Он посмотрел на меня, изможденный, еле сдерживаясь.
– Я не знаю. Задавать вопросы, на которые нет ответов, – потеря времени, а у меня его осталось не много.
– Извини, извини. Что еще у тебя в коробке?
– Всякие мелочи. Но вся прелесть в том, что много тебе и не нужно. Это совсем другое время, Джейк. Ты можешь прочитать о нем в книгах по истории, но не поймешь его, не пожив там. – Он передал мне карточку социального страхования. За номером 005-52-0223. На имя Джорджа Т. Амберсона. Потом достал из коробки ручку.
– Распишись.
Я взял ручку, из тех, что раздавали на презентациях. По корпусу шла надпись «ДОВЕРЬТЕ ВАШ АВТОМОБИЛЬ ЧЕЛОВЕКУ СО ЗВЕЗДОЙ «ТЕКСАКО»». Чувствуя себя Даниэлем Уэбстером[37], заключающим договор с дьяволом, я расписался на карточке. Когда попытался вернуть ее Элу, тот покачал головой.
За карточкой социального страхования последовало водительское удостоверение, выданное Джорджу Т. Амберсону в штате Мэн, в котором указывалось, что ростом я шесть футов и пять дюймов, глаза синие, волосы каштановые, вес сто девяносто фунтов. Родился двадцать второго апреля тысяча девятьсот двадцать третьего года и проживал в доме девятнадцать по аллее Синей птицы в Сабаттусе. По этому же адресу я жил и в две тысячи одиннадцатом году.
– Шесть футов пять дюймов, так? – спросил Эл. – Пришлось прикинуть.
– Достаточно близко. – И я расписался на водительском удостоверении, картонном прямоугольнике канцелярского бежевого цвета. – Без фотографии?
– Штату Мэн до этого еще жить и жить, дружище. Остальным сорока восьми тоже.
– Сорока восьми?
– Гавайи станут штатом только в следующем году.
– Ох. – У меня перехватило дыхание, словно кто-то врезал мне в солнечное сплетение. – И что… если тебя остановят за превышение скорости, коп предполагает, что ты именно тот, чье имя указано на удостоверении?
– Почему нет? Если в пятьдесят восьмом году ты обмолвишься об атаке террористов, люди подумают, что речь о подростках, гоняющихся за коровами. Подпиши это.

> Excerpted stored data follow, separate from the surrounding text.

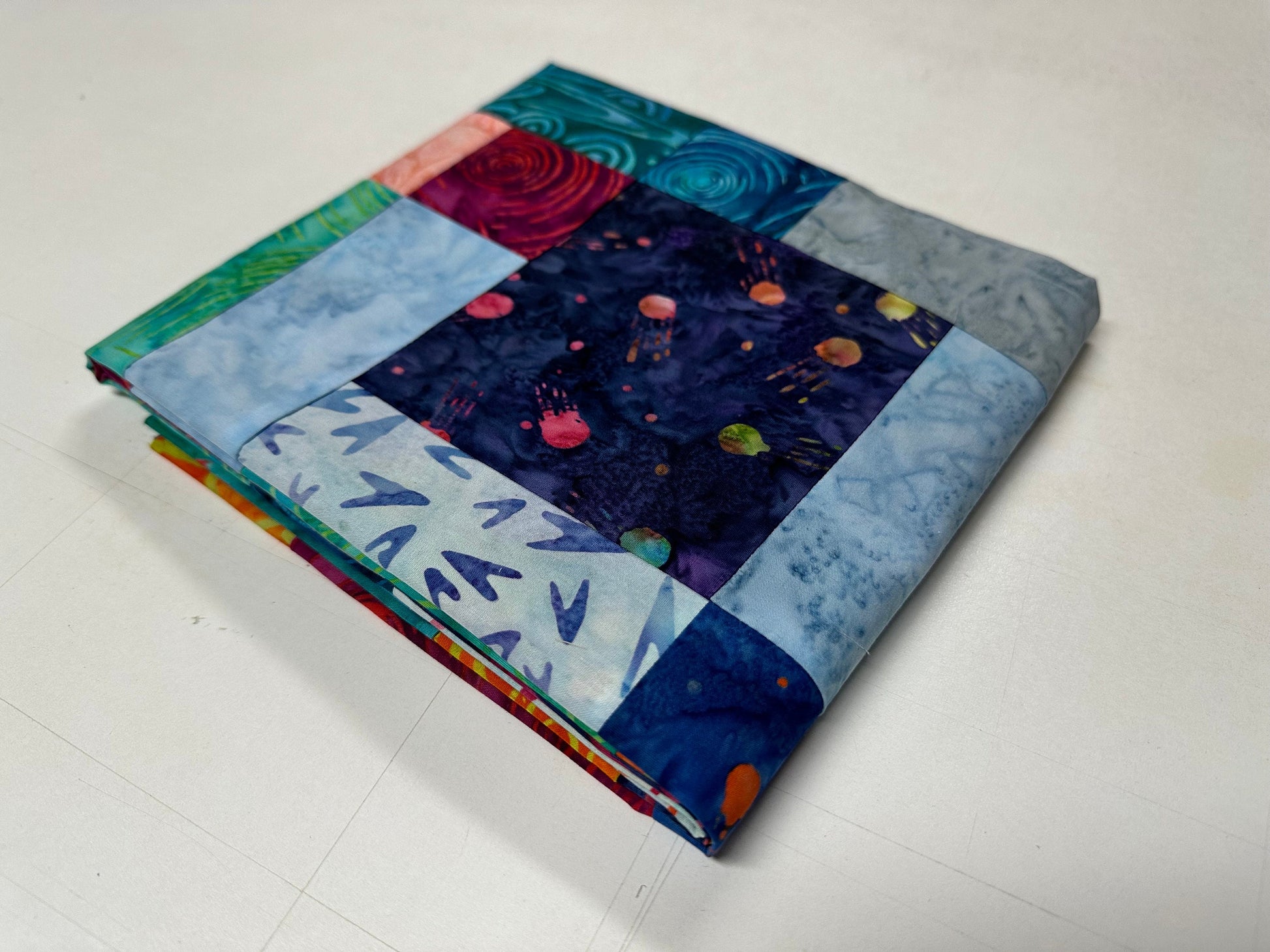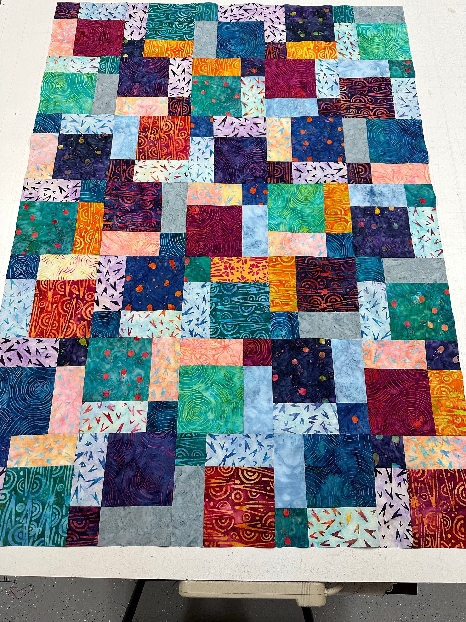 A beautiful new handmade unfinished quilt top (33" x 46" - crib size) made with rainbow colored batik fabrics. The colors are fun blues, greens, purples, oranges, and yellows.
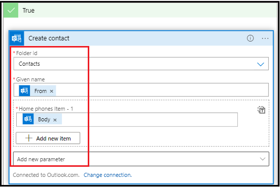 - Then, if true, choose an operation such as outlook for creating contacts.
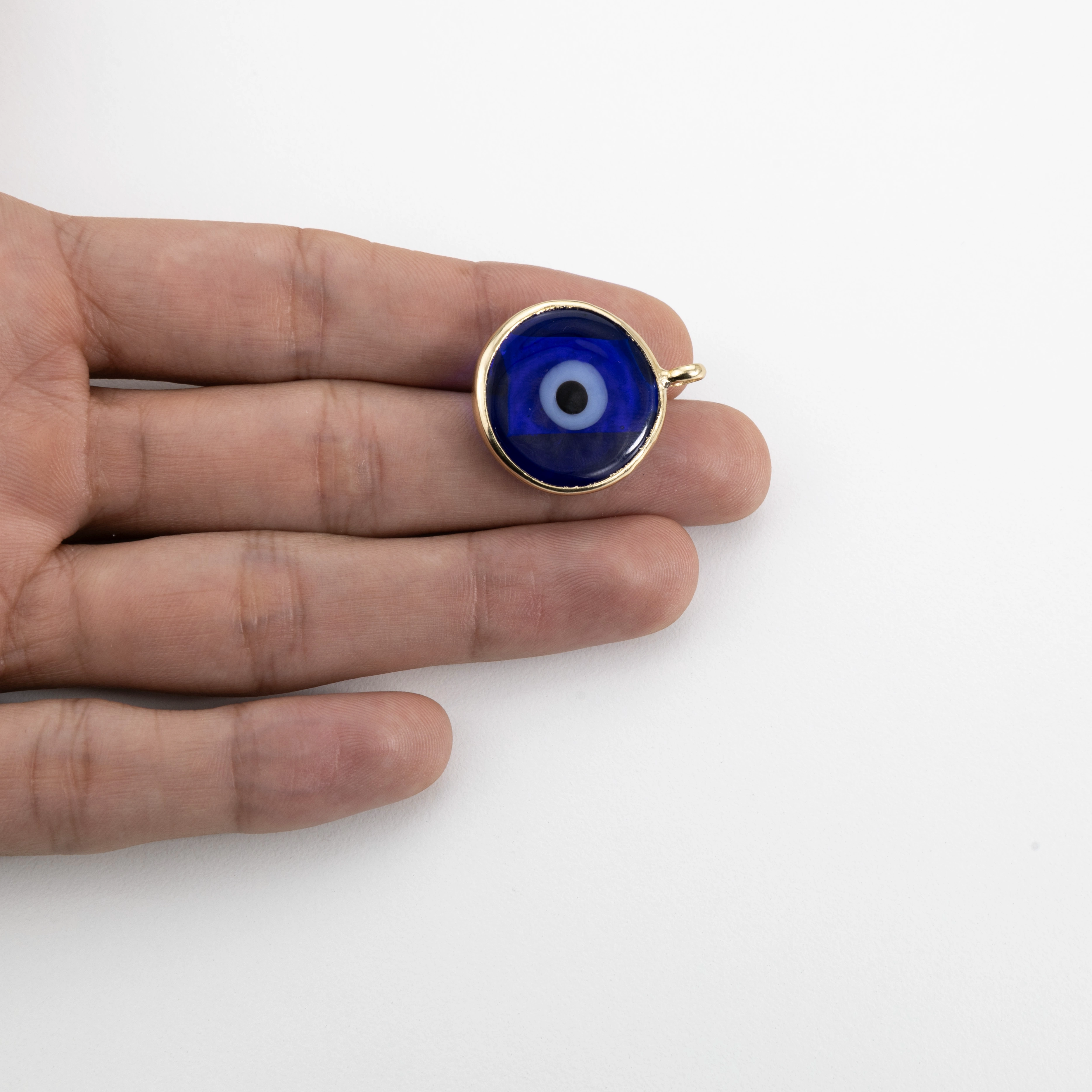 This charm features the iconic eye motif in a harmonious blend of blue and white, set within a round bezel frame.

Он протянул мне клиентские карточки компании «Хертц» и газовой компании «Ситис сервис», кредитные карты «Дайнерс клаб» и «Американ экспресс». «Амэкс» выпускал карточки из целлулоида, «Дайнерс клаб» – из картона. Владельцем значился Джордж Т. Амберсон. Имя и фамилия были впечатаны на пишущей машинке.
– На следующий год сможешь получить настоящую пластиковую карточку «Амэкс», если захочешь.
Я улыбнулся:
– А чековая книжка?
– Я мог бы тебе ее сделать, но смысл? Вся документация с упоминанием Джорджа Амберсона будет потеряна при следующем сбросе на ноль. Вместе с деньгами, которые я положил бы на счет.
– Ох. – Я определенно тупил. – Точно.
– Не вини себя, тебе это еще в диковинку. Ты сможешь положить деньги на счет. Но не советую класть больше тысячи. Лучше держать деньги наличными, там, где в любой момент можешь их взять.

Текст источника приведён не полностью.